Computer simulated model of the common cold virus. (Photo : Reuters)
A new study conducted in The Journal of the American Medical Association says there is no evidence that taking vitamin D supplements prevents the common cold.
The study says the number of upper respiratory infections wasn't any lower with large monthly doses of vitamin D than with placebo, at a mean of 3.7 versus 3.8 per person, for a non-significant risk reduction of just 3 percent, reports ABC News.
It has long been suggested that taking vitamin D strengthens the body's immune system, but now, Dr. David R. Murdoch of the University of Otago in Christchurch, New Zealand and his team found that taking the vitamin actually has no significant effect.
The study said, in those tested, missed workdays and duration of symptoms likewise were similar between those who took the vitamin over the period of a year,and those who didn't, the group reported in the Oct. 3 issue of the JAMA.

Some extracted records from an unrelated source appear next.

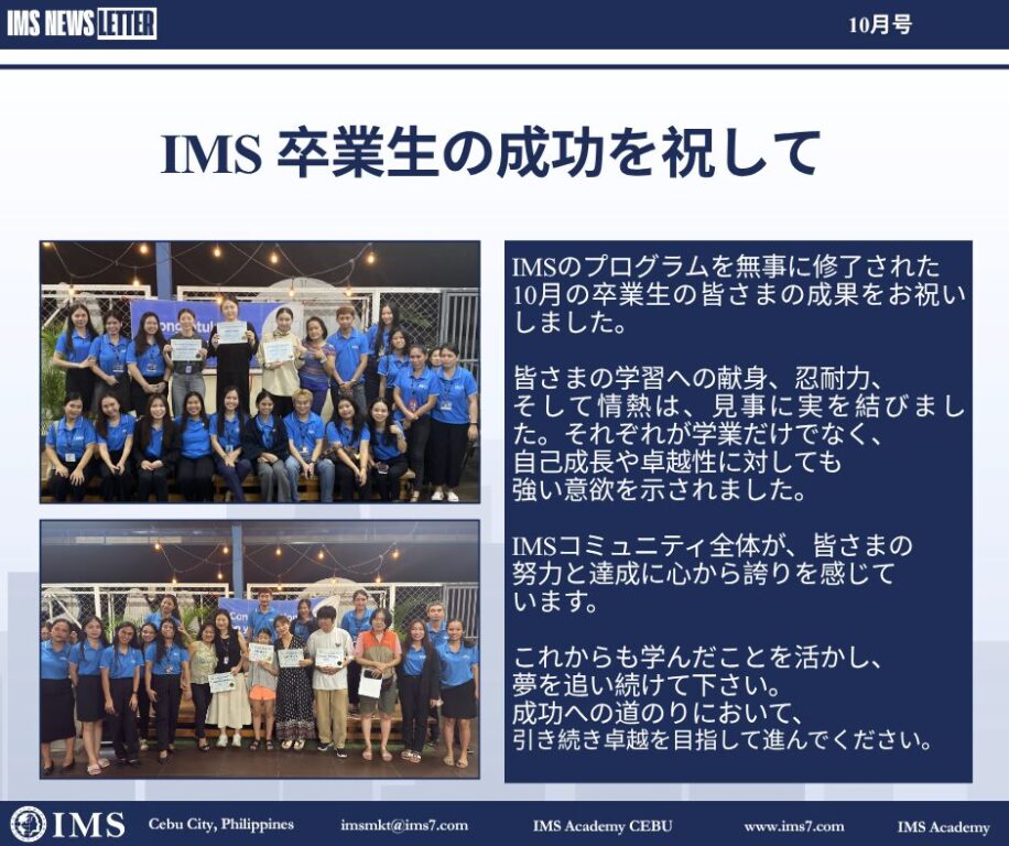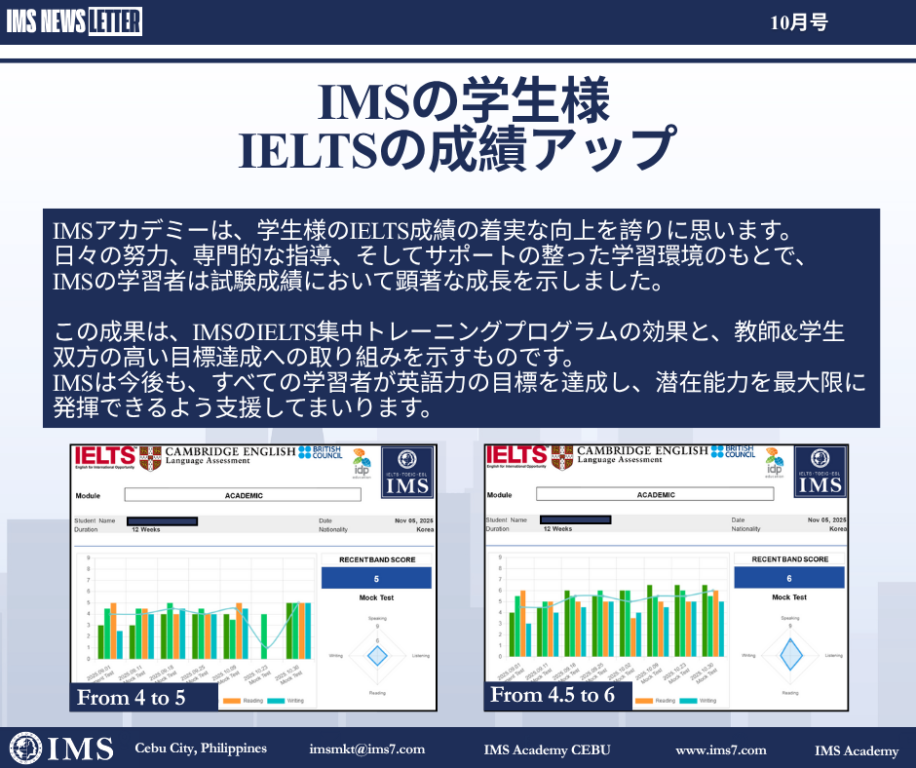 【語学学校IMS】10月最新ニュースレターと国籍比率アップデート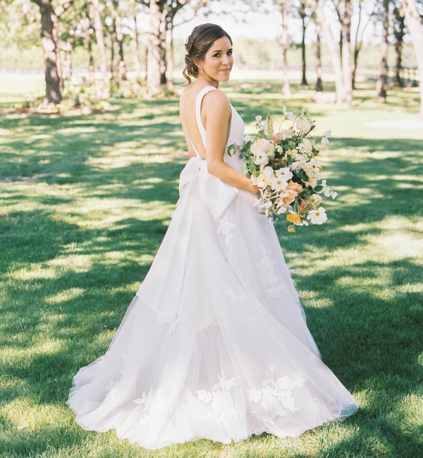 Ball Gown Tulle Wedding Dresses Deep V Neck Appliques Garden Bridal Gowns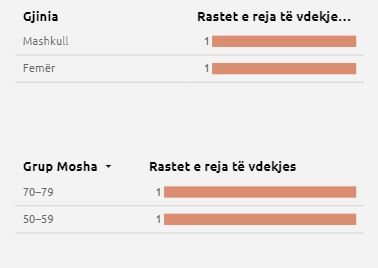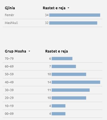 Viktimë gjatë kësaj kohe është një grua e moshës 50-59 vjeçare nga Peja dhe një burrë i moshës 70-79 vjeçare nga Obiliqi.
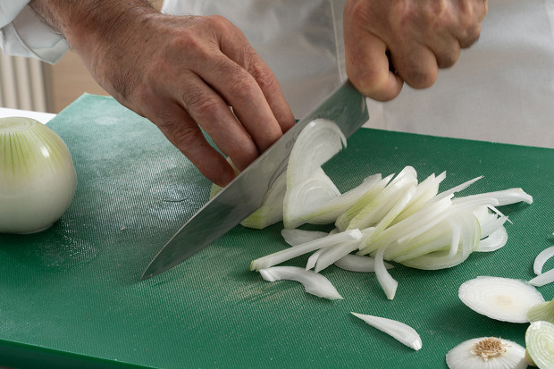 Пока масло достигает нужной температуры, порежьте лук тонкой соломкой. Чем тоньше будет нарезан лук, тем нежнее будет текстура. Идеально, если толщина соломки составит 1 мм.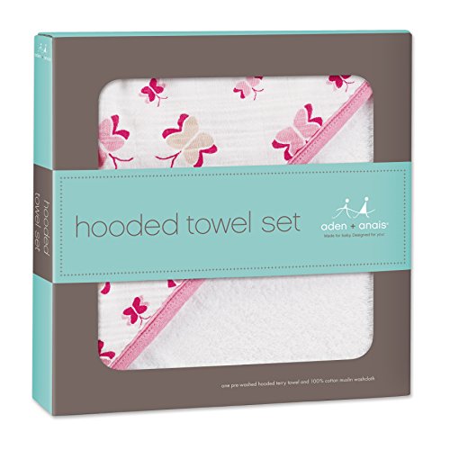 aden + anais (エイデンアンドアネイ) 【日本正規品】 NEWフード付きテリータオルとウォッシュクロスセット princess posie hooded terry towel & muslin washcloth set new-3035
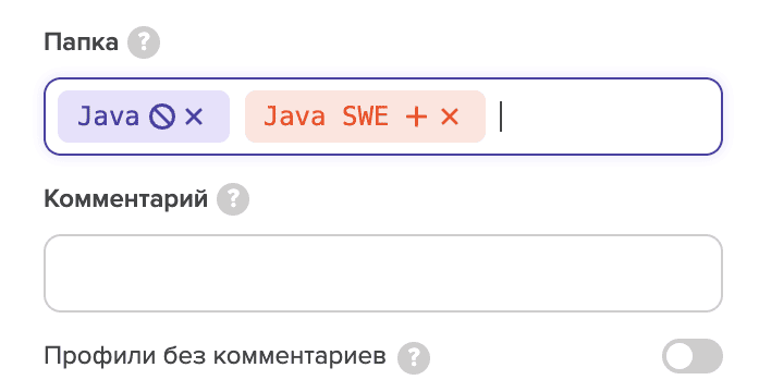 Вы можете включить или исключить определённые папки , которые вы или ваша команда создали ранее. И выполнить поиск по кандидатам с определённым комментарием в их профиле, оставленным вами или вашей командой.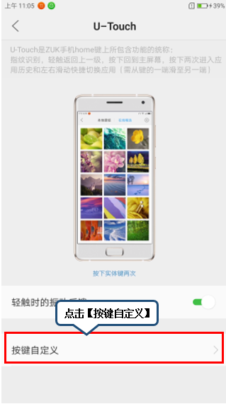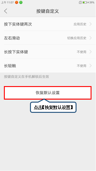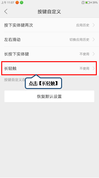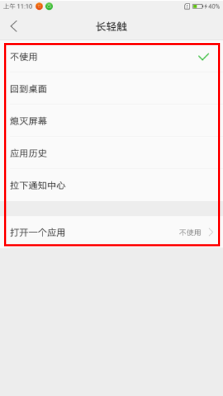 7. 点击【长轻触】,可根据使用习惯选择【不使用】、【回到桌面】、【熄灭屏幕】、【应用历史】、【拉下通知中心】或是【打开一个应用】,如图7-10至7-11所示;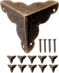 10 Corners For Furniture, Antique Design, Metal, Edge Protection Corners For Crates And Furniture In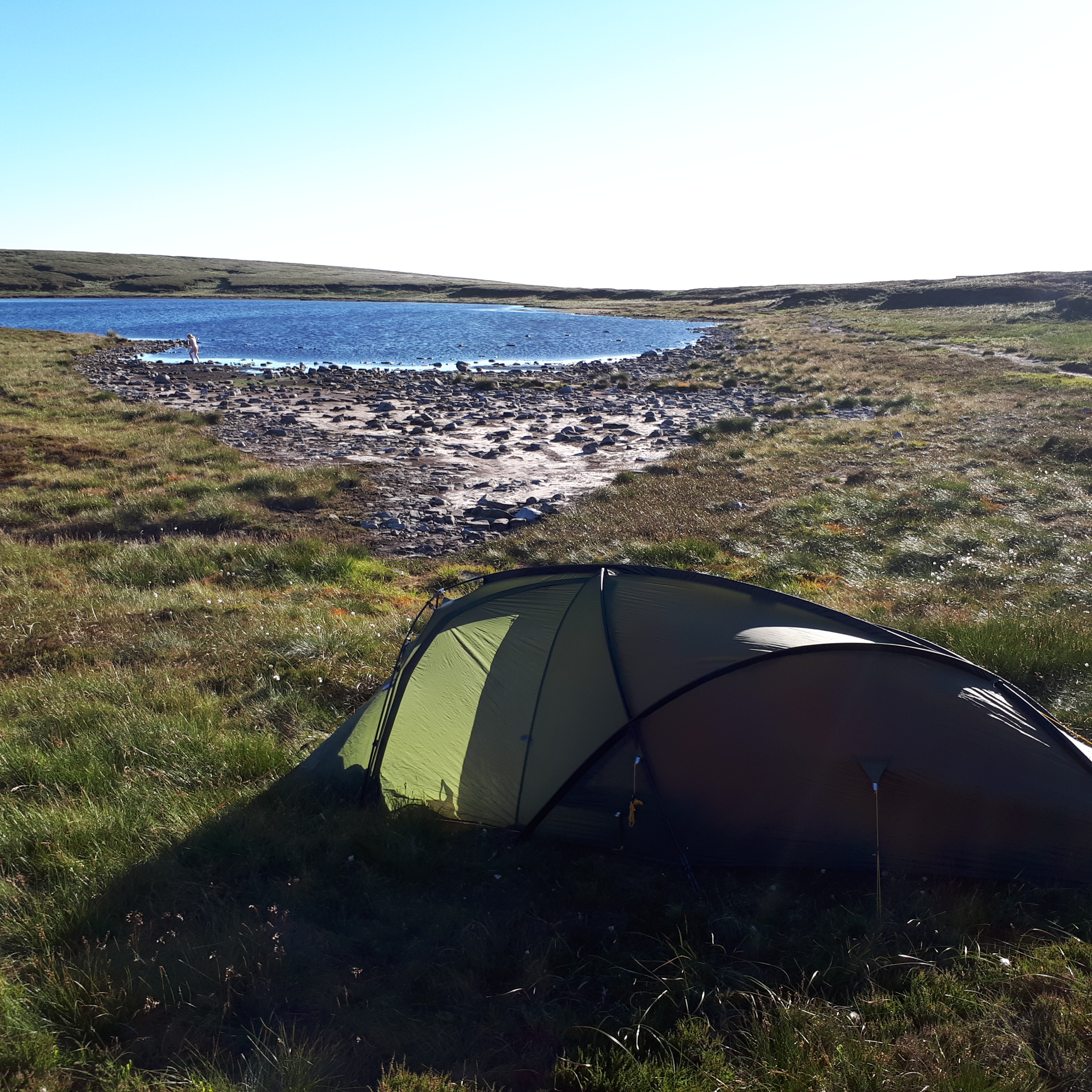 I didn’t feel inclined to wild camp again for two years and then I chose a breezy day! We camped up at Great Rundale Tarn in the North Pennines after walking up from Dufton. This worked well. Hannah had a swim in the tarn and there was not a midge in sight. Next day we followed Maize Back down to High Cup Nick and followed the Pennine Way back to Dufton.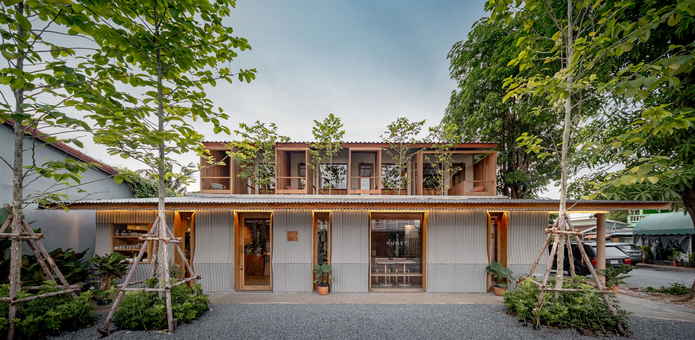 건축물 Kunst Ayutthaya는 보딘차파 팀과 그 가족의 다층적인 삶을 담아낼 수 있는 공간에 대한 필요에서 출발했다. 단순히 하나의 건물이 아니라, 열매를 맺고 영감을 주며 공동체의 성장을 지속시키는 ‘생성적 공간’을 지향한 것이다. 이 과정은 낯설지 않으면서도 새로운 공간에 대한 탐색으로 이어졌고, 이는 보딘차파 특유의 디자인 언어와 해석을 통해 구현됐다.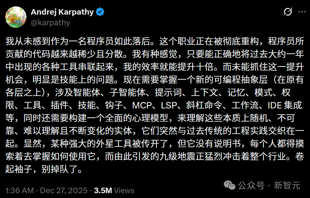 Karpathy总结说:如今,我们面临着一个全新的、必须掌握的编程抽象层(它叠加在原有的技术栈之上),其中涉及智能体、子智能体、提示词、上下文、记忆、模式、权限、工具、插件、技能、钩子、模型上下文协议、语言服务器协议、斜杠命令、工作流、IDE集成……
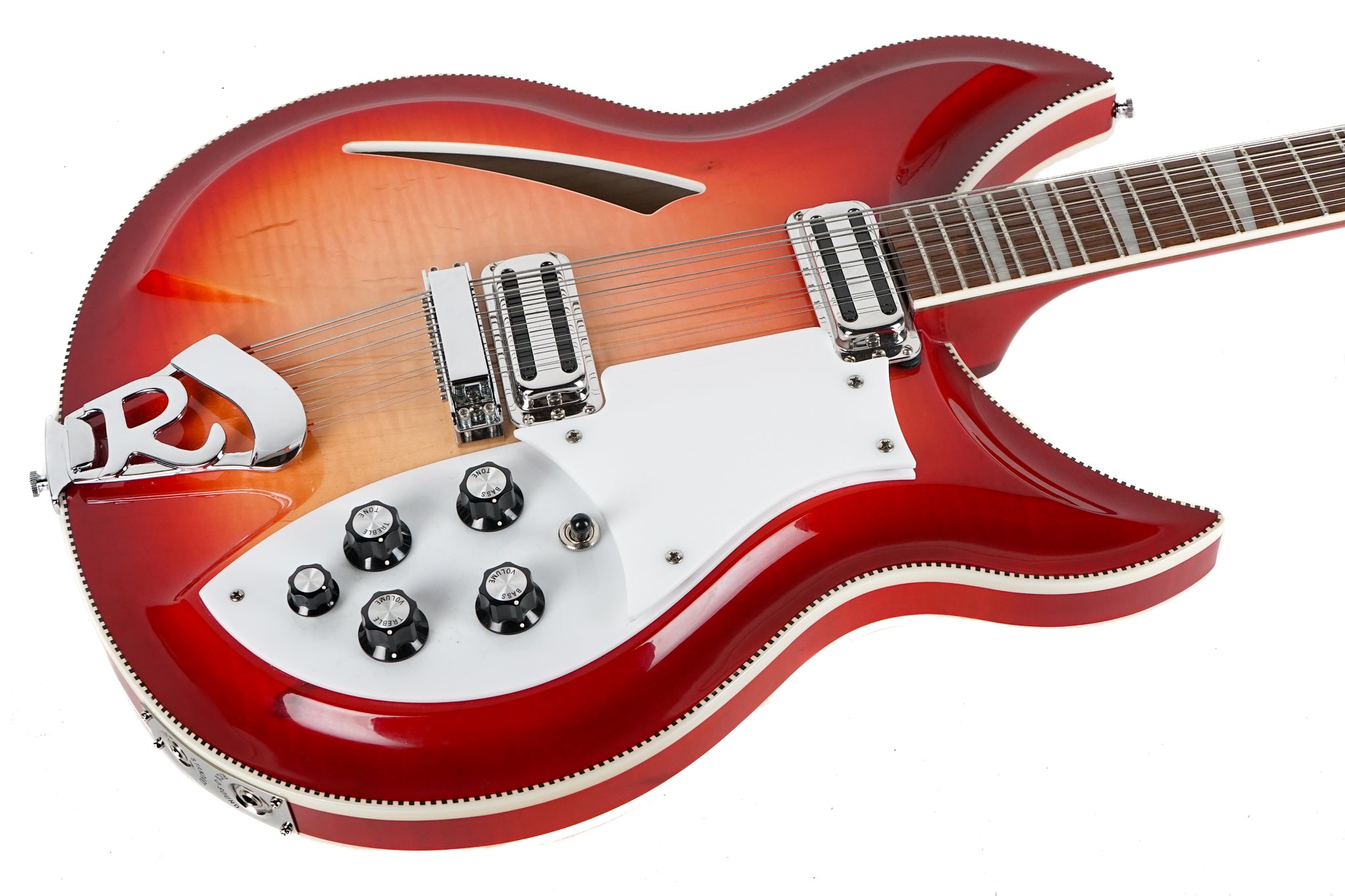 Up for sale is a clean and mean 2019 Rickenbacker 381/12V69 12 String in Fireglo. I've always loved the 381 model with the carved top and back as well as toaster pickups. They visually and sonically are a wonderful instrument and this example is no exception. Overall this example is exceptionally clean showing little signs of wear. Being this model is not currently in production we are thrilled to have this one in the shop. Pro setup in house and comes complete with its original hard case and paperwork. Weight: 8lbs. 6oz.

"The main finding from this study is that a monthly dose of 100 000 IU of vitamin D3 in healthy adults did not significantly reduce the incidence or severity of URTIs (upper respiratory tract infections). This result remained unchanged when the analysis included winter season or baseline 25-OHD levels," the study says.
However, Murdoch did write that is it possible that vitamin D may prevent URTIs in "other populations."
"It is possible that an effect may be observed in a population with a higher prevalence of vitamin D deficiency, as occurred in a recent trial of vitamin D supplementation to reduce exacerbations of chronic obstructive pulmonary disease," the study read. "In that trial, vitamin D supplementation significantly reduced exacerbations only in patients with baseline 25-OHD levels less than 10 ng/mL."
The study said healthy adults in developed countries who are already keeping their vitamin D in the range recommended for bone health don't need an extra boost of the Vitamin.
"It's very important, however, to keep in mind that this group had relatively normal levels to start with, and so this might not apply to people with lower levels, with actually a vitamin D deficiency," study co-author Dr. Carlos A. Camargo Jr. of Massachusetts General Hospital in Boston said to ABC.
He said, for example, a daily dose of the vitamin has been proven to have a "dramatic impact" on vitamin D-deficient children in Mongolia, actually cutting in half the number of them who contract upper respiratory infections.